- WORK REQUEST
Give again, word for word, every line below from the one that has "- Угловой упор" through the one that has "阪急茨木市駅下車徒歩4分のと", both included, and no others.

:: EXERCISE MATERIALS ::

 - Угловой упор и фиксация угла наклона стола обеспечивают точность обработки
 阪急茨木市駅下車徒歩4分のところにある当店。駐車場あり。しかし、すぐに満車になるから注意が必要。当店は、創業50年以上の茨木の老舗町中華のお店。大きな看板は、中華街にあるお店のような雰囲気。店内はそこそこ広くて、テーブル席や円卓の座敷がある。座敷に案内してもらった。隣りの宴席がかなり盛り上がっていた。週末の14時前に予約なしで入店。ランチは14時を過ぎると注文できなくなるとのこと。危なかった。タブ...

:::
:: EXERCISE MATERIALS ::

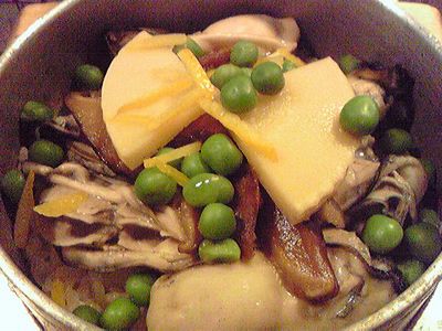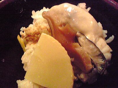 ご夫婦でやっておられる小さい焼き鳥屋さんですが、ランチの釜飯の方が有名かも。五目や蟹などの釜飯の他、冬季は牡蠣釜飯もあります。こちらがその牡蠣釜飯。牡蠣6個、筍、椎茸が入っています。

:::

- RESPONSE TO THIS EXERCISE
 - Угловой упор и фиксация угла наклона стола обеспечивают точность обработки
 阪急茨木市駅下車徒歩4分のところにある当店。駐車場あり。しかし、すぐに満車になるから注意が必要。当店は、創業50年以上の茨木の老舗町中華のお店。大きな看板は、中華街にあるお店のような雰囲気。店内はそこそこ広くて、テーブル席や円卓の座敷がある。座敷に案内してもらった。隣りの宴席がかなり盛り上がっていた。週末の14時前に予約なしで入店。ランチは14時を過ぎると注文できなくなるとのこと。危なかった。タブ...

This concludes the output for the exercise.